━━━━━ Data provided ━━━━━

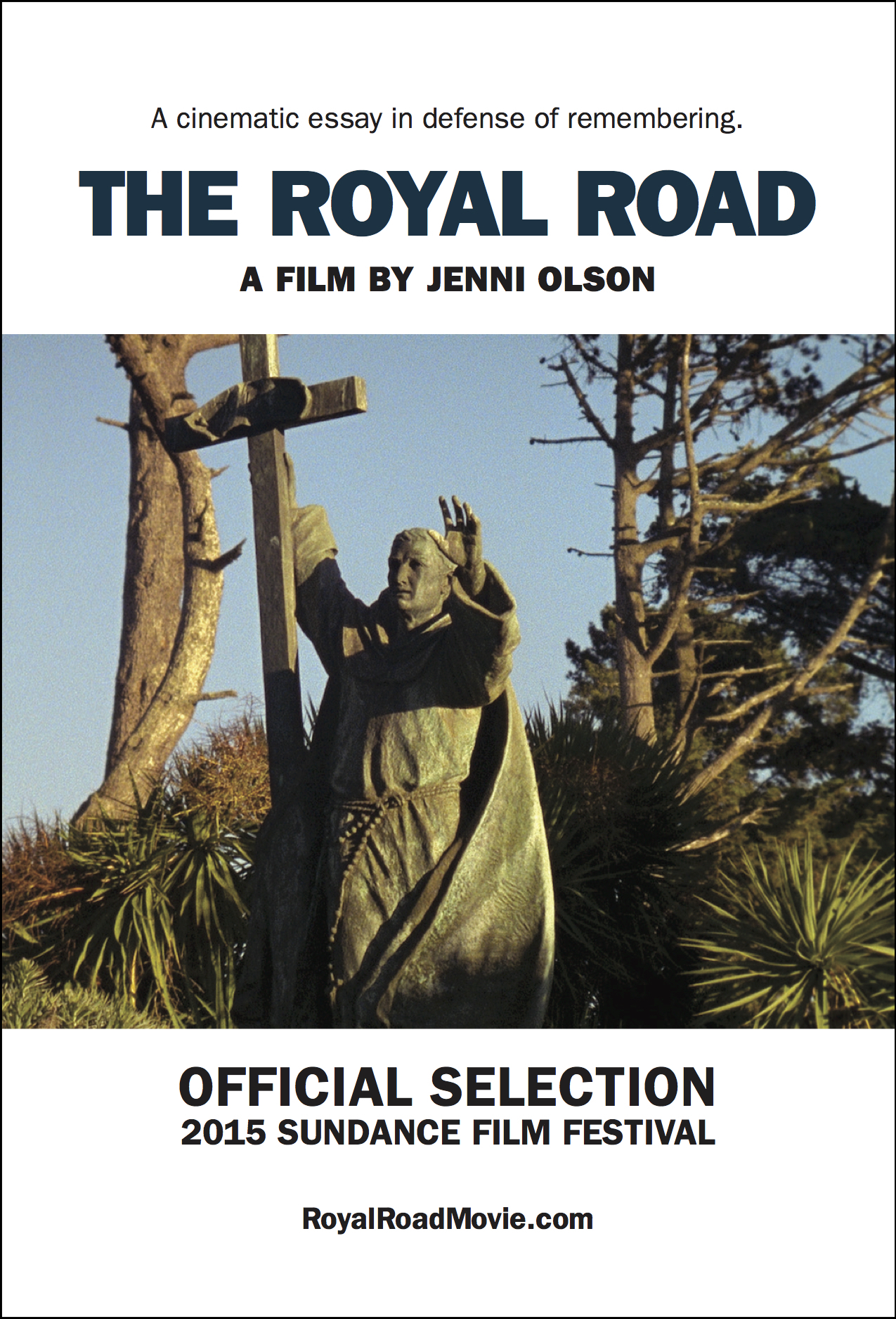 Original movie poster for Jenni Olson's 2015 film, The Royal Road
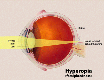 Diagram of a human eye with hyperopia
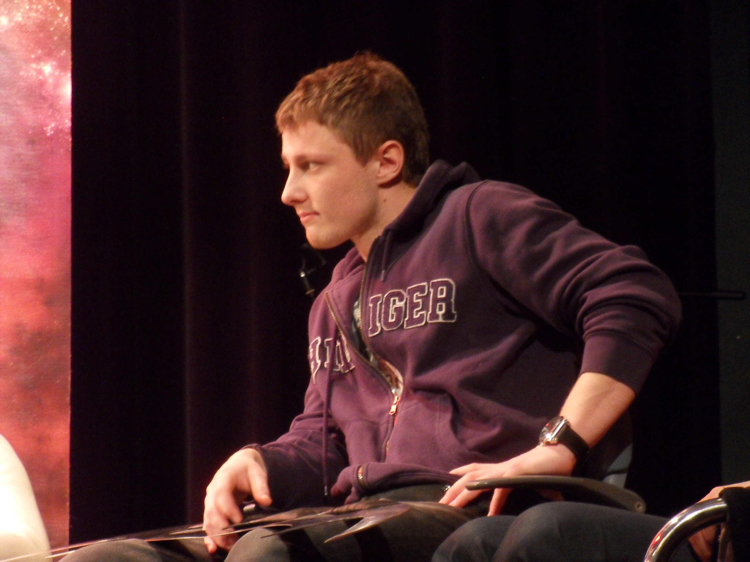 CzechTREK 2013, Kulturní centrum Novodvorská, Prague, Czech Republic Personality rights warningAlthough this work is freely licensed or in the public domain, the person(s) shown may have rights that legally restrict certain re-uses unless those depicted consent to such uses. In these cases, a model release or other evidence of consent could protect you from infringement claims.

━━━━━

> **Assigned task**:
Repeat the listing above word for word. Do not include the pictures.

> **Exercise solution**:
 Original movie poster for Jenni Olson's 2015 film, The Royal Road
 Diagram of a human eye with hyperopia
 CzechTREK 2013, Kulturní centrum Novodvorská, Prague, Czech Republic Personality rights warningAlthough this work is freely licensed or in the public domain, the person(s) shown may have rights that legally restrict certain re-uses unless those depicted consent to such uses. In these cases, a model release or other evidence of consent could protect you from infringement claims.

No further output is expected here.